The other challenge facing adoption of Lively is, well, its usefulness. Right now, it's essentially an enhanced chat room. Some folks have said that businesses could use it to hold virtual meetings, but I don't see that happening unless Lively is upgraded to allow one or more room participants to speak via a microphone and provides a means of working with a presentation (Lively does allow you to display Flash videos within your room but I didn't explore that feature).

And while the idea of having a virtual room up on your home page or blog is kinda neat, it's not going to do you much good unless there's a compelling reason for people to come and hang out in groups in YOUR room. Centralized virtual realities like Second Life are never empty because there's just one world for people to go to: certain areas might be emptier than others, but there's always someone around to interact with. Still, I do see some potential uses for it with established communities. Popular online forums could replace their existing chat rooms with Lively rooms. Businesses could create a guest room or visitor room where website visitors could hang out before interacting with customer service avatars. Conferences like cf.Objective() or CFUnited could have virtual discussions rooms that allow conference-goers to discuss the day's events with non-conference goers ("Folks, the in-person BOFs will be from 8pm to 9pm, followed by the online BOF free-for-all in the Lively room from 9pm to...whenever.")

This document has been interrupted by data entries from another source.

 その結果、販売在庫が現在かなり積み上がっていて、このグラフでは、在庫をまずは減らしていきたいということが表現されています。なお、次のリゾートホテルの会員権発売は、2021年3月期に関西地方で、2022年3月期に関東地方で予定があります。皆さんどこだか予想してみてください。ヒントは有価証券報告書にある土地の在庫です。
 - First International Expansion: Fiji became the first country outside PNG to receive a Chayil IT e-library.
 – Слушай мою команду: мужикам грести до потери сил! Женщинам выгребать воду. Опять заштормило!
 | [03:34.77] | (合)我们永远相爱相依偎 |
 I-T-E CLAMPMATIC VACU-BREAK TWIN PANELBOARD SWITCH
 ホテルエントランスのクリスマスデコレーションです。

Heck, the folks on the RIA cruise in February could take the Lively "tropical island" room template and make a place to meet up with non-cruise landlubbers at some point during the cruise if they wanted to.

Who knows if people would make use of these rooms, but the beauty is that it doesn't take long at all to create a basic Lively room, so if it doesn't work out the time lost in trying isn't painful.

It'll be interesting to see if this goes anywhere. My guess is that it'll depend on how much time and effort Google decides to invest in it and whether it will scale effectively (I heard that there were load issues when it first went public yesterday, but I didn't have any real problems with it last evening).